Цель возникновения и деятельности российского государства, задача общества – создание условий, социальных и политических, для воплощения каждым гражданином России устремлений своей души. Вот государствообразующая идея России, наша, русская, национальная идея. И вера в Бога, и вера в неверие, и предпринимательская инициатива, и коллективная (артельная, общинная, соборная) жизнедеятельность и служба, научная и творческая свобода, – исключая (предотвращая) экстремизм и воинствующую идеологическую агрессию.
Не отчужденно-либеральное право индивидуальной силы (жадности, наглости, сговора), не социальный паразитизм, подспудно инициируемый доводимым до крайности левым дискурсом, но политические, правовые и экономические гарантии в обществе самобытности, приветствующем и оберегающем персональную инициативу и прилагающем усилия к достойному – прямому и косвенному (образование, медицинская помощь, отдых) – вознаграждению востребованного сиюминутно и на перспективу коллективного труда наемных работников.
С одной стороны, признается ценность личности – персоны, выступающей актором футурологического скачка, подвижничества и обновления. С другой стороны, констатируется, что личность, инициируя, творя и совершенствуясь, опирается на плоды жизнетворчества предшествующих поколений, используя технологическую базу, навыки и коллективный труд современников, и вне пассивно-волевой – инфраструктурной, технологической – и прочей материализации этого труда персональный триумф затруднителен или невозможен.
Впрочем, о политической и экономической рационализации принципа «души» говорить следует неспешно, подробно и широко.
К обнаружению смысла своего бытия – идеи о создании предпосылок для жизни граждан в соответствии с душевными чаяниями каждого из них – Россия двигалась исторически.

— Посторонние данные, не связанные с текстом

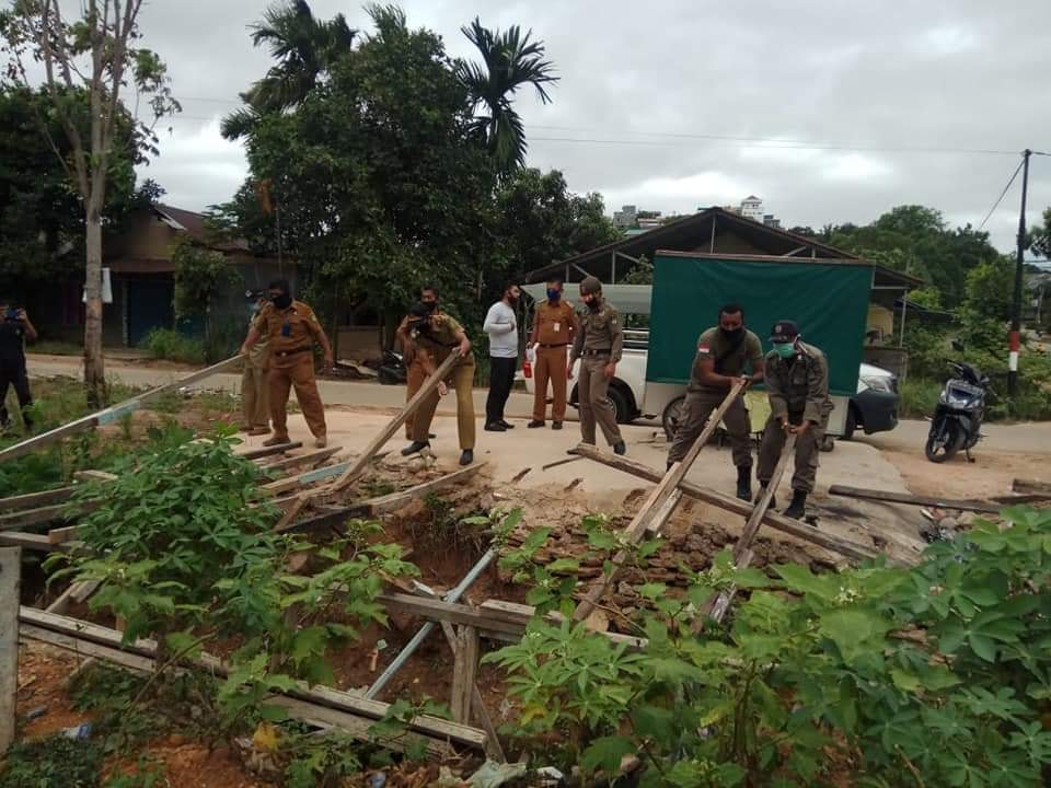 Melalui Kasi Trantib Kecamatan Beserta Lurah Tanjung Buntung, dan anggota Satpol PP BKO Kecamatan Bengkong, Senin (27/4/2020), Camat terjun melakukan penertiban.

Это и всегдание, при институциональной необходимости авторитарного сдерживания присущих нашему характеру анархических тенденций, народный сход (вече, земский собор, съезд советов), и (не без эксцессов, разумеется) веротерпимость традиционных конфессий, и экономическая многоукладность (государственные и помещичьи крестьяне при общинном землепользовании, однодворцы, вольные хлебопашцы окраин, Урала, Севера и Сибири, государственные и частные мануфактуры, стрельцы, купечество и так далее), и не знающая «единоначалия» и ограничений философская мысль, в том числе православная, раскольническая, духовидческая, и всеобъемлющая культурная традиция. Отношение к нашей душевной природе у власти и общества было эмоциональным, чувственным, отсюда жесткий авторитаризм и суровые законы – чтобы каждый в «свою душу» не убежал, – которые дотошно не исполняясь, и тем самым русская идея «торжествовала» хаотически. Поэтому наряду с тотальной официальной идеологией процветали ереси, подпольные газеты, самиздат, а теперь параллельная реальность в интернете.
Пренебрежение принципом «души» в качестве нашей цивилизационной доминанты, отсутствие осознанности, вынуждает Россию, переходя от эпохи к эпохе, раскачиваться по траектории маятника между диктатурой и анархией, между вульгарным (распределительным) либерализмом и административным произволом, мятежами, революциями, застоями и перестройками.
Когда наш государствообразующий принцип будет осознан, рационализирован и воплощен посредством политических форм, сочетающих охранительный авторитаризм и юридически значимое для власти высказывание общества, и, кроме того, посредством социального уклада, совмещающего акционированный контроль государства над стратегическими отраслями экономики с раскрепощением предпринимательской и творческой инициативы во всем остальном, что обеспечит системе и долговременную стабильность, и опережающее развитие, – когда это случится, России откроет человечеству эпоху социально-гарантированной самобытности, оказавшись для своих граждан и для лучших умов и талантов со всего мира примером и образцом к подражанию, определив путь цивилизации на десятилетия и, может быть, столетия вперед.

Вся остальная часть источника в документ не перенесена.